> [Aim of the task]: Somewhere below is a line with "(3)地板為防滑鋁花紋板,箱體裙邊包圍,帶檢修艙門,工具柜。 | ||" and, later, a line with "NAVTICA Polaris Edge"; repeat those two lines and all the lines between them, exactly as they are.

> [Supplied data]:
◆ ◆ ◆ ◆

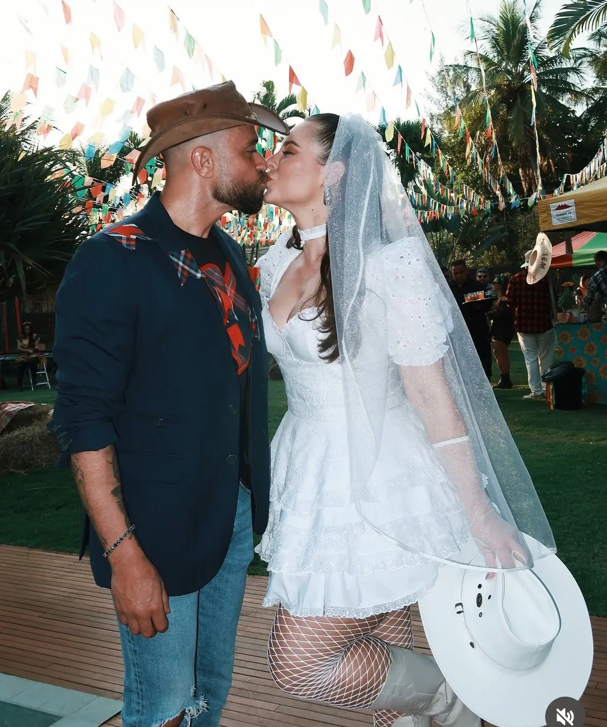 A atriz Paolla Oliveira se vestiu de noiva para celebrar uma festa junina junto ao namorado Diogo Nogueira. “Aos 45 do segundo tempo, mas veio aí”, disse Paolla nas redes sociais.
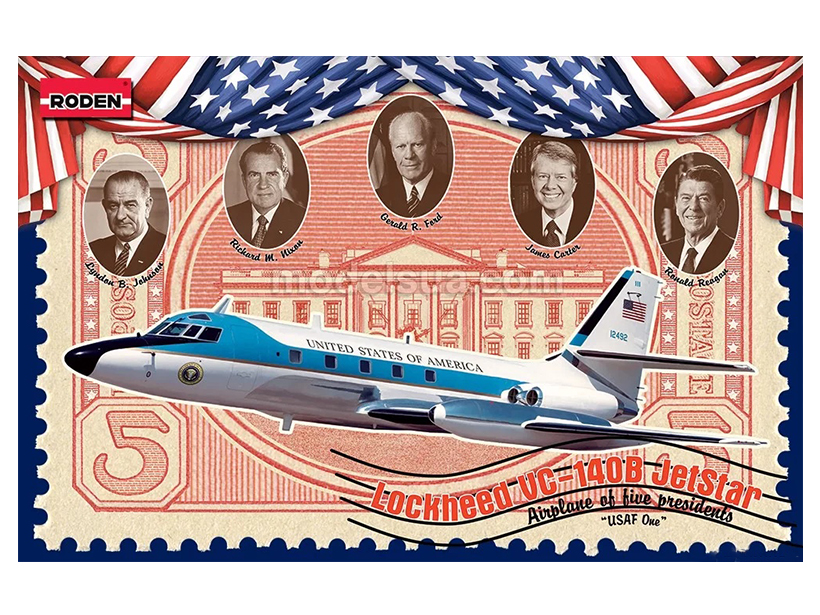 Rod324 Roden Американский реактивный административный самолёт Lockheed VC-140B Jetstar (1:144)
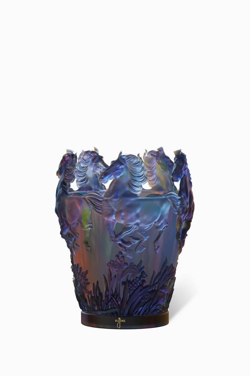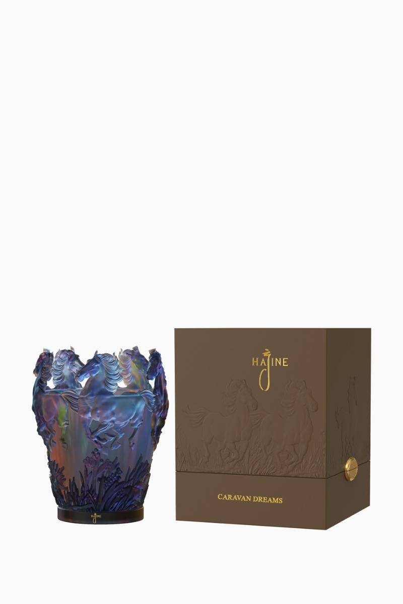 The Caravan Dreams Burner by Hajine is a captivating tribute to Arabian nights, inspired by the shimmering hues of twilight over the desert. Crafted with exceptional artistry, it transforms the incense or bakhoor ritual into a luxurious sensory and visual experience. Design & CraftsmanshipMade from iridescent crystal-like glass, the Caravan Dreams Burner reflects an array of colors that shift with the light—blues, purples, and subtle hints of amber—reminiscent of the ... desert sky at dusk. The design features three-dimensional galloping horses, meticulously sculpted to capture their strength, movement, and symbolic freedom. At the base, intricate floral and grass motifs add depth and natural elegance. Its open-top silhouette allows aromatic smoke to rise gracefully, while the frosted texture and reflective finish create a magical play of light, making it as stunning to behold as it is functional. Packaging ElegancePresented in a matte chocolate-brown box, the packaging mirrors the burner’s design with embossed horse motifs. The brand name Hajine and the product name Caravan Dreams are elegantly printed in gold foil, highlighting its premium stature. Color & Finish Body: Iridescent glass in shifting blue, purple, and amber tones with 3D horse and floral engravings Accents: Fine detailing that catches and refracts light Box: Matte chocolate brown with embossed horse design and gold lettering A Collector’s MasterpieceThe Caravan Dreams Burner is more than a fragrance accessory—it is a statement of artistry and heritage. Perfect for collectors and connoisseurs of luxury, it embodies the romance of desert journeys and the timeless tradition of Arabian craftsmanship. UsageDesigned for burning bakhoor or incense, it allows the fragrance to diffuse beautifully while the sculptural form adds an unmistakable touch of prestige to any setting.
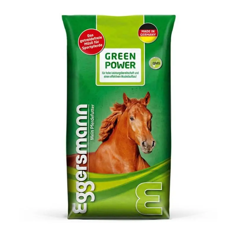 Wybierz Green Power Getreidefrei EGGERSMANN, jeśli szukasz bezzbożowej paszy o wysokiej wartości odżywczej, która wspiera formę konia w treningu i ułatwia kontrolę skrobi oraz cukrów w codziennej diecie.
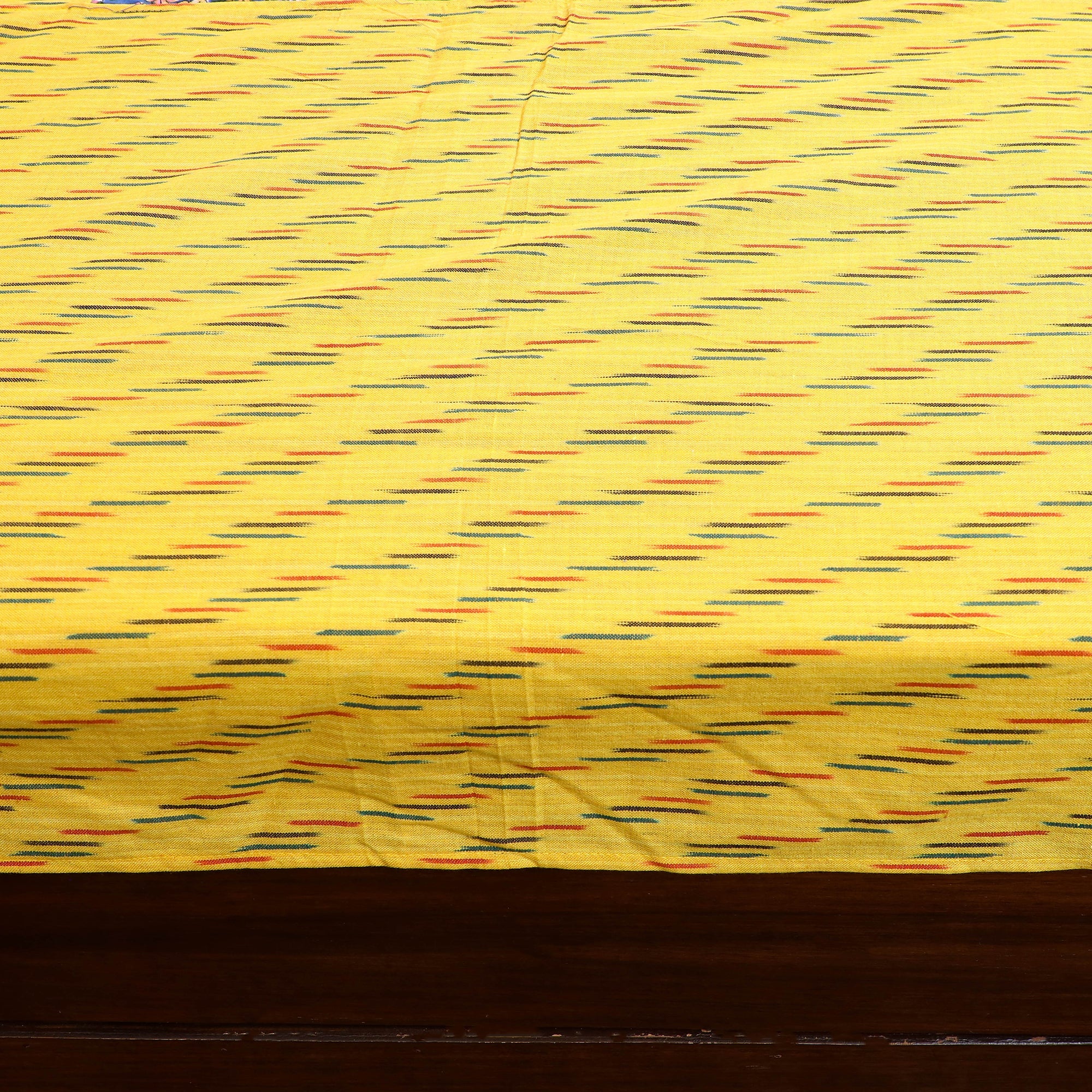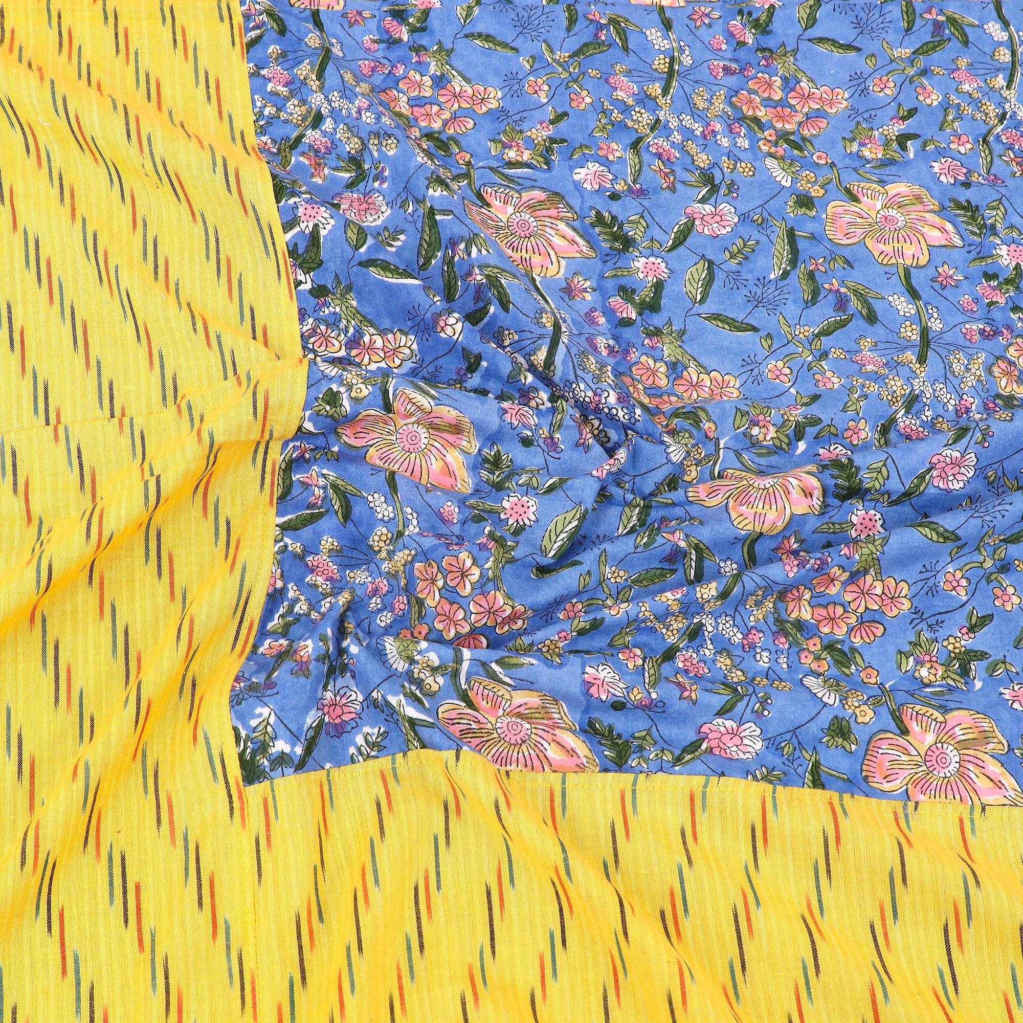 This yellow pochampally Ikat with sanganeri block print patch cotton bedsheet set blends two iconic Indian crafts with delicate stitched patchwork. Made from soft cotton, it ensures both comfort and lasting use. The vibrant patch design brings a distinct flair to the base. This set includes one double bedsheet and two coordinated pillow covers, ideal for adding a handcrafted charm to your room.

◆ ◆ ◆ ◆

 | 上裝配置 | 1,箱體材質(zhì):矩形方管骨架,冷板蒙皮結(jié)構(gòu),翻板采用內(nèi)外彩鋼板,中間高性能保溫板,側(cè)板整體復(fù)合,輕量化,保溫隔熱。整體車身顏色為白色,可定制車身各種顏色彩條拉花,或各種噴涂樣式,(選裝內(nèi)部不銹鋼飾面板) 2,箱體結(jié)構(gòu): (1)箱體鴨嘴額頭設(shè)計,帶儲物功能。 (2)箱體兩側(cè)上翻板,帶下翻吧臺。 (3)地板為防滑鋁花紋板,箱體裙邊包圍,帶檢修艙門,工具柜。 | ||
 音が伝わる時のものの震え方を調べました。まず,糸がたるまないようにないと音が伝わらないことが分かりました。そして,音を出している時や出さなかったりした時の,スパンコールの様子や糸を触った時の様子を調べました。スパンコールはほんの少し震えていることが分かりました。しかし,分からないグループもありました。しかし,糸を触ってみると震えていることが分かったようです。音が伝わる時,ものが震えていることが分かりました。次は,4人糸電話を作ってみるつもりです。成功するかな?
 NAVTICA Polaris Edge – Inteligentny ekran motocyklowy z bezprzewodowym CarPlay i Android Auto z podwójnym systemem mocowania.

◆ ◆ ◆ ◆

> [Response box]:
 | 上裝配置 | 1,箱體材質(zhì):矩形方管骨架,冷板蒙皮結(jié)構(gòu),翻板采用內(nèi)外彩鋼板,中間高性能保溫板,側(cè)板整體復(fù)合,輕量化,保溫隔熱。整體車身顏色為白色,可定制車身各種顏色彩條拉花,或各種噴涂樣式,(選裝內(nèi)部不銹鋼飾面板) 2,箱體結(jié)構(gòu): (1)箱體鴨嘴額頭設(shè)計,帶儲物功能。 (2)箱體兩側(cè)上翻板,帶下翻吧臺。 (3)地板為防滑鋁花紋板,箱體裙邊包圍,帶檢修艙門,工具柜。 | ||
 音が伝わる時のものの震え方を調べました。まず,糸がたるまないようにないと音が伝わらないことが分かりました。そして,音を出している時や出さなかったりした時の,スパンコールの様子や糸を触った時の様子を調べました。スパンコールはほんの少し震えていることが分かりました。しかし,分からないグループもありました。しかし,糸を触ってみると震えていることが分かったようです。音が伝わる時,ものが震えていることが分かりました。次は,4人糸電話を作ってみるつもりです。成功するかな?
 NAVTICA Polaris Edge – Inteligentny ekran motocyklowy z bezprzewodowym CarPlay i Android Auto z podwójnym systemem mocowania.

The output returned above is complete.